The dlt skill is consumed by: data-engineer agent (the primary user)
The dlt skill collaborates with: baml skill (type-safe pipelines), dagster skill (@dlt_assets wrapping), sqlmesh skill (sqlmesh init -t dlt), lancedb skill (vector destination), cognee skill (knowledge-graph destination), motherduck skill (MotherDuck destination)
The dlt skill feeds into: explore-data (analysis_plan.md) and build-notebook (marimo notebooks) for downstream visualisation

7. Examples

See ./examples/ for upstream dlt reference

2026-06 updates (from the `upstream-package-monitoring` openspec change)

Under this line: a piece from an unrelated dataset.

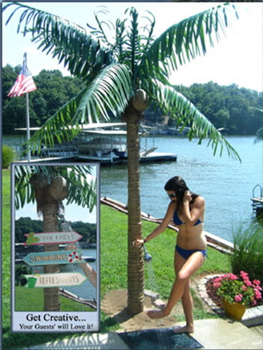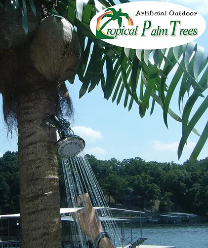 Stay comfortable with the Shower Palm. all plumbing lines and mounting hardware are hidden inside the trunk, while its flexible stainless steel 1/2" tubing connects easily to existing waterlines or even a garden hose, the shower palm is equip with 2 all-weather ADA approved Pull Chain Valves and Shower Heads which each operate independently for a foot rinse or a shower from head to toe. Enjoy the convenience and reliability of the Shower Palm.

dltHub Pro launched 2026-04-14. The Pro tier adds 9,700+ known source contexts that DLT can pull from in one call. The KCG dev plan is tracked by openspec/changes/dlt-pro-source-registry/.
Cortex Code (Snowflake's AI assistant, launched ~9 weeks before dltHub Pro) integrates directly with the dlt Pro source registry.
ADE-Bench (the AI data-engineer benchmark) reported 65% task success on Snowflake via Cortex Code vs 58% for Claude Code. The paper's key finding: "without the workbench, the agent leaked credentials" — directly validates KCG's strict-secret-hydration mandate (see docs/secrets/secrets_management_plan.md for the Infisical + Locket + mise three-way contract).
dlthub upstream monitor — dlthub_blog.yml in infrastructure/firecrawl/monitors/upstream_packages/ is the Firecrawl monitor that detects new source-context additions, ADE-Bench results, and Cortex Code integration updates via the LLM-judge --goal filter. The n8n workflow infrastructure/stacks/n8n/workflows/upstream-blog-monitor.json writes the payload to s3://oideachais-upstream-webhooks/dlthub/...jsonl and triggers the Dagster asset upstream_blog_monitor_ingest. notebooks:
data_engineering_dlt_small-data-sf-2025_elvis.ipynb — Dremio "small data" workshop (SF 2025): dlt pipelines for small files, REST API ingestion patterns, and DuckDB destination examples.